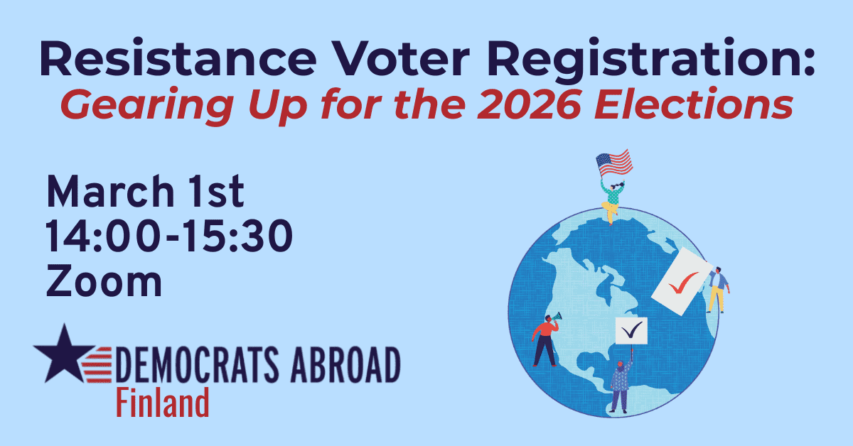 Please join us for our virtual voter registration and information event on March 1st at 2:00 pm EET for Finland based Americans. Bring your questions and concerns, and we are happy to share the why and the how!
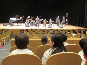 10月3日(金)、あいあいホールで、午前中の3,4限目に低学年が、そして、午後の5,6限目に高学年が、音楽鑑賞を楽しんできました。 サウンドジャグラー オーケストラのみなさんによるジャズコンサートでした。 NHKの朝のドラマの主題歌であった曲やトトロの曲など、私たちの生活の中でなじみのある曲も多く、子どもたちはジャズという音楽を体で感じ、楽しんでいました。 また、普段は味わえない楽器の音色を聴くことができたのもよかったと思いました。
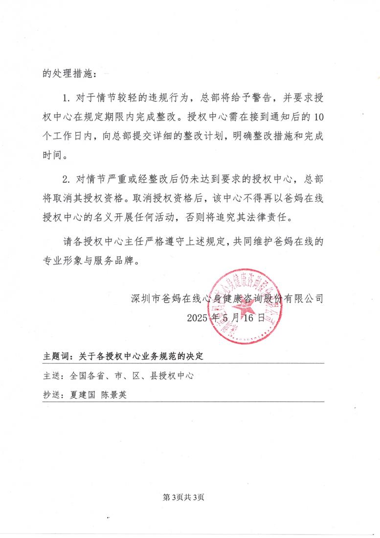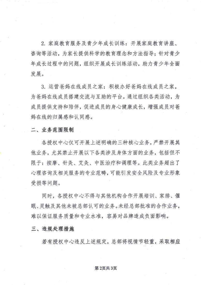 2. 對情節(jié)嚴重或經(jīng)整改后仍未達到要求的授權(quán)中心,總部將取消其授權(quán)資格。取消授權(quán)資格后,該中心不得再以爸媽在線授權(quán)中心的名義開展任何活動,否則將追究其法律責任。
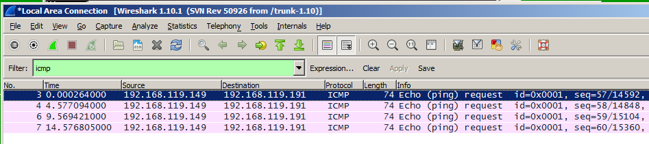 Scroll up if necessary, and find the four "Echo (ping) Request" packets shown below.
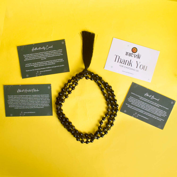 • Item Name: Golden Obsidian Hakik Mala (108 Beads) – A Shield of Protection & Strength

· · · · ·

An exact copy of the records is required. Pictures do not belong in it.

EXERCISE ANSWER:
 Please join us for our virtual voter registration and information event on March 1st at 2:00 pm EET for Finland based Americans. Bring your questions and concerns, and we are happy to share the why and the how!
 10月3日(金)、あいあいホールで、午前中の3,4限目に低学年が、そして、午後の5,6限目に高学年が、音楽鑑賞を楽しんできました。 サウンドジャグラー オーケストラのみなさんによるジャズコンサートでした。 NHKの朝のドラマの主題歌であった曲やトトロの曲など、私たちの生活の中でなじみのある曲も多く、子どもたちはジャズという音楽を体で感じ、楽しんでいました。 また、普段は味わえない楽器の音色を聴くことができたのもよかったと思いました。
 2. 對情節(jié)嚴重或經(jīng)整改后仍未達到要求的授權(quán)中心,總部將取消其授權(quán)資格。取消授權(quán)資格后,該中心不得再以爸媽在線授權(quán)中心的名義開展任何活動,否則將追究其法律責任。
 Scroll up if necessary, and find the four "Echo (ping) Request" packets shown below.
 • Item Name: Golden Obsidian Hakik Mala (108 Beads) – A Shield of Protection & Strength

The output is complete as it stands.